━━━ Records for processing ━━━

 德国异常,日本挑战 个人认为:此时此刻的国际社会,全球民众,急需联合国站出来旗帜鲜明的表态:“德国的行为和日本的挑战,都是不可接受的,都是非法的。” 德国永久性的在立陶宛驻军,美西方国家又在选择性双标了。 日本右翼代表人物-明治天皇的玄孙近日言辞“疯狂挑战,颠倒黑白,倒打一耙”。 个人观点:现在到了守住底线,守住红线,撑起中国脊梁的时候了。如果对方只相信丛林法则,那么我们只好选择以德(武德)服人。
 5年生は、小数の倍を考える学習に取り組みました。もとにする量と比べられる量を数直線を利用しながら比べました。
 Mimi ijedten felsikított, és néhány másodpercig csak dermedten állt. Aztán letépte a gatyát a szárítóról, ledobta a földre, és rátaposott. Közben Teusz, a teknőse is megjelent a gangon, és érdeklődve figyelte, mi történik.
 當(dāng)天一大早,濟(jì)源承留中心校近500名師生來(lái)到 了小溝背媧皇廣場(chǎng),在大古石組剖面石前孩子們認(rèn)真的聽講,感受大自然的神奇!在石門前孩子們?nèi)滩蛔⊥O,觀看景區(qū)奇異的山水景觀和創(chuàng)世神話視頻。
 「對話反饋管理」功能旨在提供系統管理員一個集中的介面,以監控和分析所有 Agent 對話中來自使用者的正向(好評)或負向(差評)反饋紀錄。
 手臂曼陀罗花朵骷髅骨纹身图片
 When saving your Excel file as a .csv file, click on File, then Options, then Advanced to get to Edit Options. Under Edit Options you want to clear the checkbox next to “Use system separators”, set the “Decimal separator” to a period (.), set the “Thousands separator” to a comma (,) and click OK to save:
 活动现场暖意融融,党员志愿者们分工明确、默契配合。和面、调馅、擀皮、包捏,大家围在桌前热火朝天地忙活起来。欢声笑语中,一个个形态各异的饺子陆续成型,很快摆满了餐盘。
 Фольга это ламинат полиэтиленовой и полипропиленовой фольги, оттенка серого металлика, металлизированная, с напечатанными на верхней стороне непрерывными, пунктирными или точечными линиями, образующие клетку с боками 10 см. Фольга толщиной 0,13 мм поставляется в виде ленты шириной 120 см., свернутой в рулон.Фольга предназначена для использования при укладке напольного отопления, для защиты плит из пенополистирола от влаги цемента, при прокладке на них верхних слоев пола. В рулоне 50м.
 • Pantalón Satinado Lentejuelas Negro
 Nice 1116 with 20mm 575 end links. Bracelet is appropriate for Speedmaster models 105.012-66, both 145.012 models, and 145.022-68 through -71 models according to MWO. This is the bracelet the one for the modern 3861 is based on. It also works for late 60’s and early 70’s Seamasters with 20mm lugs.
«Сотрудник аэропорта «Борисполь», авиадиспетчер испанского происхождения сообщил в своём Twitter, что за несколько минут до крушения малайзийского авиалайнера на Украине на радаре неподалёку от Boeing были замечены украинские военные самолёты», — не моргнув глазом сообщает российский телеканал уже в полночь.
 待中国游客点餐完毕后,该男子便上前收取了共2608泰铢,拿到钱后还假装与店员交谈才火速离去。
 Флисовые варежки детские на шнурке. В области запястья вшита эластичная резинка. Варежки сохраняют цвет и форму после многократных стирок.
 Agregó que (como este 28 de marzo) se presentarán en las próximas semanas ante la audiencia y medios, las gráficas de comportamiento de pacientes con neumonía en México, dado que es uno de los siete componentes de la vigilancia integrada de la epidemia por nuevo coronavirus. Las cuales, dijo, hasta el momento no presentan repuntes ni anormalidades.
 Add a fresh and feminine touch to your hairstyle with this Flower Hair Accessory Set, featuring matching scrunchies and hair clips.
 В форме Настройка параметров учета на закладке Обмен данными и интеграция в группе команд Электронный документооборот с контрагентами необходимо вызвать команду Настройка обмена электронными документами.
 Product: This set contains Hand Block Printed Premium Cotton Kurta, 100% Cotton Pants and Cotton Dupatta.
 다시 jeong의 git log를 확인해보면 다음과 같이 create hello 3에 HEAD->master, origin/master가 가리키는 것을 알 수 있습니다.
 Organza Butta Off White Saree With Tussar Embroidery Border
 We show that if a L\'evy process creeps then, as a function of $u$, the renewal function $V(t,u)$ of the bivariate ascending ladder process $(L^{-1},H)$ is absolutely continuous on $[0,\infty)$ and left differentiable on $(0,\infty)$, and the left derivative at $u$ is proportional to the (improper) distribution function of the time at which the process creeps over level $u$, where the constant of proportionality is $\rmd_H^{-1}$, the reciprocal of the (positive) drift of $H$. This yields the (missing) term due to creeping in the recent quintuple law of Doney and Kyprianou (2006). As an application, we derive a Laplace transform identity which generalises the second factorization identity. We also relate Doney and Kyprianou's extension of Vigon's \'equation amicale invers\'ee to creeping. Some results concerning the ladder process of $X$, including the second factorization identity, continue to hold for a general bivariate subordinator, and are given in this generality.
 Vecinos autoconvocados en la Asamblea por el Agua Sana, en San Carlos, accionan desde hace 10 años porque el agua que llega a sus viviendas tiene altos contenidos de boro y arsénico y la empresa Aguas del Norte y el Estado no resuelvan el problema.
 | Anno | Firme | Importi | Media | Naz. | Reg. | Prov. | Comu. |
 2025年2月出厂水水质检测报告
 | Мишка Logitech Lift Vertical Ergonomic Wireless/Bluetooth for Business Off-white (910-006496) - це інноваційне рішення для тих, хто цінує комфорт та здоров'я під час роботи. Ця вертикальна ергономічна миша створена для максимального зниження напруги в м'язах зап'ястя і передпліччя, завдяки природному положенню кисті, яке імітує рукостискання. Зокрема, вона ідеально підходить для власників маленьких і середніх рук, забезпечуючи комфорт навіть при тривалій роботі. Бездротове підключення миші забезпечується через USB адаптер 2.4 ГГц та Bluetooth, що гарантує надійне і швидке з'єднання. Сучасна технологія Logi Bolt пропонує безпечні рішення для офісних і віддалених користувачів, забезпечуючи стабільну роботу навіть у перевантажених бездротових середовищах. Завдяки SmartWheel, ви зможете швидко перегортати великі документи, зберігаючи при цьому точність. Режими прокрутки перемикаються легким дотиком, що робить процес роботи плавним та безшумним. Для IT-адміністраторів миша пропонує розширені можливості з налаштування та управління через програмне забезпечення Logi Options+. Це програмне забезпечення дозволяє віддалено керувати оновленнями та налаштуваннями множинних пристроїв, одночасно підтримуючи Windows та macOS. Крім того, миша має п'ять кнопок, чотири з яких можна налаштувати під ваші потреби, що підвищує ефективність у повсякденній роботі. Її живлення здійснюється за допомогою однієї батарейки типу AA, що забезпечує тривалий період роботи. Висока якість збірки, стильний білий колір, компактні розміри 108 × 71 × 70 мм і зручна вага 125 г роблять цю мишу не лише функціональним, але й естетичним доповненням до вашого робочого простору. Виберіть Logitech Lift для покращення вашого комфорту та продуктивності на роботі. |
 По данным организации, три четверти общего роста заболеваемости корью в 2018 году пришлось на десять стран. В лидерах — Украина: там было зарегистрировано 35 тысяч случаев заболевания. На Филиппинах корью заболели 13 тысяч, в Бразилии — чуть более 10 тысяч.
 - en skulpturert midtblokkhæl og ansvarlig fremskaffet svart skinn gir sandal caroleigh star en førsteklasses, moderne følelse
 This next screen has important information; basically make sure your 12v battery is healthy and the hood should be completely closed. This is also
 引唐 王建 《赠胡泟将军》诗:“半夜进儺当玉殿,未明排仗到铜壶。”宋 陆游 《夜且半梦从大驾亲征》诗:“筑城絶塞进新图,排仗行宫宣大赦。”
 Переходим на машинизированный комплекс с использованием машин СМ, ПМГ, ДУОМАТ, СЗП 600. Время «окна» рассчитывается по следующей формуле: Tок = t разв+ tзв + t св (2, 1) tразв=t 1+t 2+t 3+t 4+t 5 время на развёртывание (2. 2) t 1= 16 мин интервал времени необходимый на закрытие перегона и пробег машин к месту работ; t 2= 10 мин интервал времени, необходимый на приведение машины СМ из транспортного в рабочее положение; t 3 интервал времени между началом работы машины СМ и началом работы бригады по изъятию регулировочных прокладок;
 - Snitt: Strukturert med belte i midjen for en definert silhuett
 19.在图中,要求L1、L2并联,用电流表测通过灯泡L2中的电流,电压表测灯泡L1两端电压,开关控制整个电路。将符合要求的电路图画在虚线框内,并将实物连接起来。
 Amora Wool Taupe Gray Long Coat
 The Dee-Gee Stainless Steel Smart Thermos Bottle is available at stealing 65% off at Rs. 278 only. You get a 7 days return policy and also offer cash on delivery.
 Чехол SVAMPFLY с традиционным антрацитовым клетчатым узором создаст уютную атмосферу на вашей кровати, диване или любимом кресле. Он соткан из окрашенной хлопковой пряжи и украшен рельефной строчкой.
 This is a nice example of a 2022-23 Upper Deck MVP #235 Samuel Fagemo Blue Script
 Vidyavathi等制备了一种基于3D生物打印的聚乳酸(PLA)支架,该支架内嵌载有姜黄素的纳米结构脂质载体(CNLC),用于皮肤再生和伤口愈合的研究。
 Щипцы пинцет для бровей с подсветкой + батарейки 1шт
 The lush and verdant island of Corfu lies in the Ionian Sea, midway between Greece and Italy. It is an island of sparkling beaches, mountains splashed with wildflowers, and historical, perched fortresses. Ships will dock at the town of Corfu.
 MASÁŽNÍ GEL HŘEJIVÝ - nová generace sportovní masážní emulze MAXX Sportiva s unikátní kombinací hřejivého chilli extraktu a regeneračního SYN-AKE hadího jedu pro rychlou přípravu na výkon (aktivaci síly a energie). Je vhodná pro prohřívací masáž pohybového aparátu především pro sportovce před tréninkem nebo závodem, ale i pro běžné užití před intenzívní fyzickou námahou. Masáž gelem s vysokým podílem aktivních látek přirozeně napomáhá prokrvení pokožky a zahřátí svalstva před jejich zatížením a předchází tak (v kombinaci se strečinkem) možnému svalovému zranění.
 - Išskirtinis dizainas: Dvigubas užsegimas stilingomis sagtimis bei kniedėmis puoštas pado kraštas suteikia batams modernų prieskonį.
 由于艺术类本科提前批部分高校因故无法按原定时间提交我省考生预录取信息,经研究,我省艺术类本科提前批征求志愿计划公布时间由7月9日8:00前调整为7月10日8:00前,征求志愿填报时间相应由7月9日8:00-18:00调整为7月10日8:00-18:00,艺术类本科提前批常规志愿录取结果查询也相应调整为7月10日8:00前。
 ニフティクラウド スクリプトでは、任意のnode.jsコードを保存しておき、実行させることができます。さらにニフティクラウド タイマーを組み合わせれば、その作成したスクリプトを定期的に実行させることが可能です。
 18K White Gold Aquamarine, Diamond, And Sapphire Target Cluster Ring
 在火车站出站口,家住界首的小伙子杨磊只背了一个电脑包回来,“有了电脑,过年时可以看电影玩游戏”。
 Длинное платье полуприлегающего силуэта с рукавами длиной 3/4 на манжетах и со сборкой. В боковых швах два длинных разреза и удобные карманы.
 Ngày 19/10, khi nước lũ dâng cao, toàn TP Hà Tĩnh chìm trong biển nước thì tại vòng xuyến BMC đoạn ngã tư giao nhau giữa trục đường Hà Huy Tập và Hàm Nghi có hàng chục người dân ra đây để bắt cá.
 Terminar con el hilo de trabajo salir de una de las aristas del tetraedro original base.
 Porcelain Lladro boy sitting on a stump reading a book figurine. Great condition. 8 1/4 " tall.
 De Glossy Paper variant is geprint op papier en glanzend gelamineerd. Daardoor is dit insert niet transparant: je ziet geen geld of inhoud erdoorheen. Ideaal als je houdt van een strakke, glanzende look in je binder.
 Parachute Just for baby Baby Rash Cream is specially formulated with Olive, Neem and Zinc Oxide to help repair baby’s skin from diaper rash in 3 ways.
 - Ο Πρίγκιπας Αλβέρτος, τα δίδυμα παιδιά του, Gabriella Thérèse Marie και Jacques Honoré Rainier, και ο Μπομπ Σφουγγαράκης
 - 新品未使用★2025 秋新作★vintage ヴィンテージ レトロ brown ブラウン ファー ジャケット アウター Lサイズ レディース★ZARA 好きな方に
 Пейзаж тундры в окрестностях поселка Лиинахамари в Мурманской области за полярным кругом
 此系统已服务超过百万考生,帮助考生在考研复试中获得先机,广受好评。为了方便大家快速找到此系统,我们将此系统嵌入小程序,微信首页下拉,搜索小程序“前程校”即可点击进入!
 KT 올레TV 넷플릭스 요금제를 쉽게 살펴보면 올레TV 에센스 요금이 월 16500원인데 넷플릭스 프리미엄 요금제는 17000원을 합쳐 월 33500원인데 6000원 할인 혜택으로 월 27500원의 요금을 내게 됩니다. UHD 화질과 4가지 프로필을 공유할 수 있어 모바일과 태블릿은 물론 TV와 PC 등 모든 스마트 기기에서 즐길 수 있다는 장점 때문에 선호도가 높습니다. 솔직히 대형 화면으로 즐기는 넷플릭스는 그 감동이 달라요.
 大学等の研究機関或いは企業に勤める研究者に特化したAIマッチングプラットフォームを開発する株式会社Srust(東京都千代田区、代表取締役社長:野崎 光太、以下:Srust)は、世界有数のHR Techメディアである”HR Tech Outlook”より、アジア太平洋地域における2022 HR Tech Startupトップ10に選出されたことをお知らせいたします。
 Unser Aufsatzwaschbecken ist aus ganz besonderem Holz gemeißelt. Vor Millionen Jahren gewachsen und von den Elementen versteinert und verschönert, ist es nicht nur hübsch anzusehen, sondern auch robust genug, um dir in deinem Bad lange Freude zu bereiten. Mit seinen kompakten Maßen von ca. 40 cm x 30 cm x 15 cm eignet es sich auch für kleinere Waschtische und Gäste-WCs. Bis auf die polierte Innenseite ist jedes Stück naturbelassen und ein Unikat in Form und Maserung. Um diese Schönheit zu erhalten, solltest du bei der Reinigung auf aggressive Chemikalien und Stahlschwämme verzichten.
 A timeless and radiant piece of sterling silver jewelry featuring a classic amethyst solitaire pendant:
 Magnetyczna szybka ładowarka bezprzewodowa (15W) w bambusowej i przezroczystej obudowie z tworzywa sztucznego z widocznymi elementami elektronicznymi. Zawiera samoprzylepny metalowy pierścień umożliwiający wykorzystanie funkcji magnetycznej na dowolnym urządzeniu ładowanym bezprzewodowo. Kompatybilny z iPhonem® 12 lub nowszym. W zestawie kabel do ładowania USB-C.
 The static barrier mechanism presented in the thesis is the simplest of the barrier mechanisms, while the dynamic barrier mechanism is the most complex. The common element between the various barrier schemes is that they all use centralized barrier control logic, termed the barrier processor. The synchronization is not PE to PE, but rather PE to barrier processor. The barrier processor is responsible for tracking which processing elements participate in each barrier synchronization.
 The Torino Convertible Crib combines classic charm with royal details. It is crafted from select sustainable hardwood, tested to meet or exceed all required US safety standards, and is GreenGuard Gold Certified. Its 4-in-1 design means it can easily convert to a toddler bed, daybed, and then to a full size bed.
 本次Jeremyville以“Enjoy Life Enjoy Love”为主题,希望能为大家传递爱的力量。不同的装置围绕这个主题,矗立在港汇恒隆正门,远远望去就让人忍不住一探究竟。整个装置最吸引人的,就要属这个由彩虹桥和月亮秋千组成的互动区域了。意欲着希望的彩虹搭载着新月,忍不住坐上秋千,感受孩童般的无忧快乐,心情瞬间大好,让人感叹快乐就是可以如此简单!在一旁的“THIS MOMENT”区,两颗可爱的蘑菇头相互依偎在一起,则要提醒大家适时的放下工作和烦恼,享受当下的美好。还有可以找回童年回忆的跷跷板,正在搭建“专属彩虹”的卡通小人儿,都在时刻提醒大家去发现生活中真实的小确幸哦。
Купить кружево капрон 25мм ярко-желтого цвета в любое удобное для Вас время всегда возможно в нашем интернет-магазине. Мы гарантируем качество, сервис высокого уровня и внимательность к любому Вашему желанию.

━━━

(What the task requires) The lines to copy run from the start of the records above through the line holding "手臂曼陀罗花朵骷髅骨纹身图片"; give them exactly, both ends included, and nothing else.

(Written solution)
 德国异常,日本挑战 个人认为:此时此刻的国际社会,全球民众,急需联合国站出来旗帜鲜明的表态:“德国的行为和日本的挑战,都是不可接受的,都是非法的。” 德国永久性的在立陶宛驻军,美西方国家又在选择性双标了。 日本右翼代表人物-明治天皇的玄孙近日言辞“疯狂挑战,颠倒黑白,倒打一耙”。 个人观点:现在到了守住底线,守住红线,撑起中国脊梁的时候了。如果对方只相信丛林法则,那么我们只好选择以德(武德)服人。
 5年生は、小数の倍を考える学習に取り組みました。もとにする量と比べられる量を数直線を利用しながら比べました。
 Mimi ijedten felsikított, és néhány másodpercig csak dermedten állt. Aztán letépte a gatyát a szárítóról, ledobta a földre, és rátaposott. Közben Teusz, a teknőse is megjelent a gangon, és érdeklődve figyelte, mi történik.
 當(dāng)天一大早,濟(jì)源承留中心校近500名師生來(lái)到 了小溝背媧皇廣場(chǎng),在大古石組剖面石前孩子們認(rèn)真的聽講,感受大自然的神奇!在石門前孩子們?nèi)滩蛔⊥O,觀看景區(qū)奇異的山水景觀和創(chuàng)世神話視頻。
 「對話反饋管理」功能旨在提供系統管理員一個集中的介面,以監控和分析所有 Agent 對話中來自使用者的正向(好評)或負向(差評)反饋紀錄。
 手臂曼陀罗花朵骷髅骨纹身图片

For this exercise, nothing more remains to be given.